My take aways were that the optimizer gets a huge chunk of its performance by inlining. And with value semantics, the optimizer can "cheat like crazy".

So I defined two different variants for do_stuff_to_foo

Original Pointer/Reference Semantics:

    void do_stuff_to_foo(foo* a)
    {
        a->x++;
    }

Value Semantics:

    foo do_stuff_to_foo(foo a)
    {
        a.x++;
        return a;
    }

In both cases, the compiler emits effectively the same output for C and C++ (I only tested clang.) (The main difference was name mangling. I omit stuff for brevity.)

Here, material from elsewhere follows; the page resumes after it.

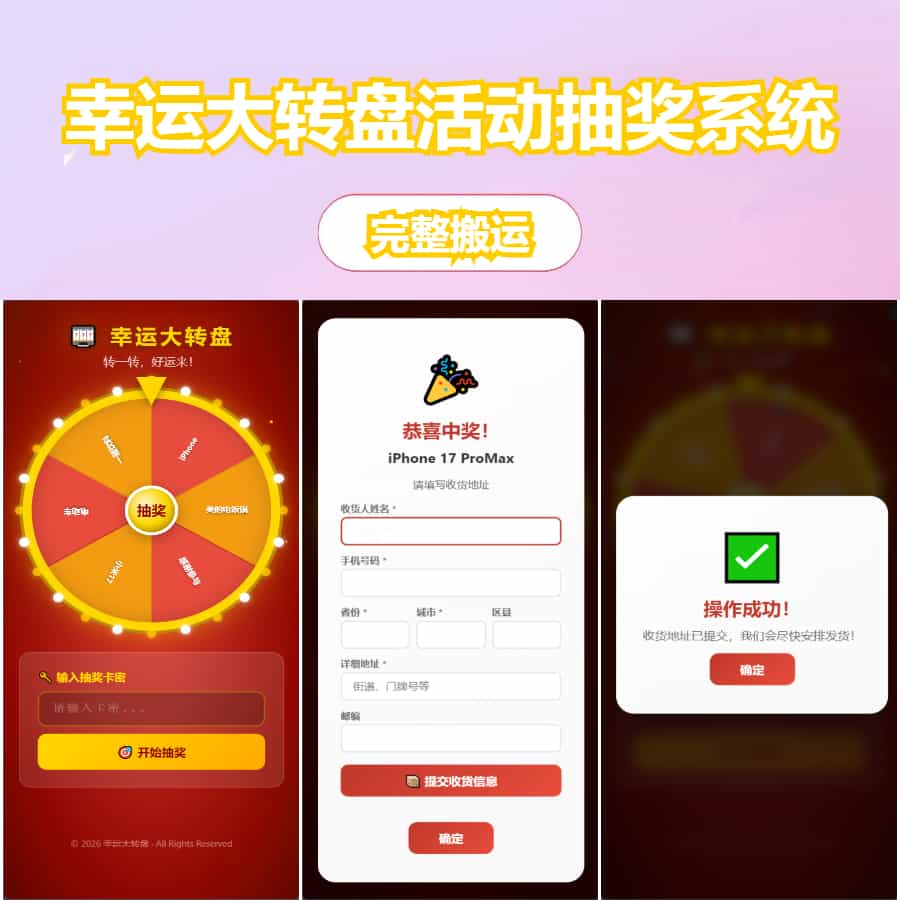 精美 UI** — 红色主题转盘,金色装饰,流畅动画,彩带庆祝效果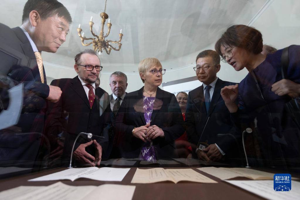4月26日,在斯洛文尼亞盧布爾雅那的斯洛文尼亞共和國檔案館,斯洛文尼亞總統穆薩爾(中)在劉松齡與璣衡撫辰儀文獻展上聽(tīng)取專(zhuān)家講解。

Pointer/Reference Semantics:

    Lcfi2:
        .cfi_def_cfa_register %rbp
        incl	(%rdi)
        popq	%rbp
        retq
        .cfi_endproc
                                        ## -- End function
        .globl	_blah                   ## -- Begin function blah
        .p2align	4, 0x90
    _blah:                                  ## @blah
        .cfi_startproc
    ## BB#0:
        pushq	%rbp
    Lcfi3:
        .cfi_def_cfa_offset 16
    Lcfi4:
        .cfi_offset %rbp, -16
        movq	%rsp, %rbp
    Lcfi5:
        .cfi_def_cfa_register %rbp
        movq	%rdi, %rax
        popq	%rbp
        retq
        .cfi_endproc

Value Semantics:

    Lcfi3:
        .cfi_offset %rbx, -24
        movq	%rdi, %rbx
        incl	16(%rbp)
        leaq	16(%rbp), %rsi
        movl	$1036, %edx             ## imm = 0x40C
        callq	_memcpy
        movq	%rbx, %rax
        addq	$8, %rsp
        popq	%rbx
        popq	%rbp
        retq
        .cfi_endproc

What I find interesting here is that in both the C and C++ , the memcpy now appears. And in the C case, there is still only one memcpy, not two.

So as I said, I don't have any answers and really don't know what the take away is. But RVO no longer seems to be a factor in these variants.

adrianratnapala · on June 3, 2018

Having a module boundary in a place where function call overhead is going to be signficant is a code smell. C++ and Rust programmers just don't notice because the entire standard library reeks of it.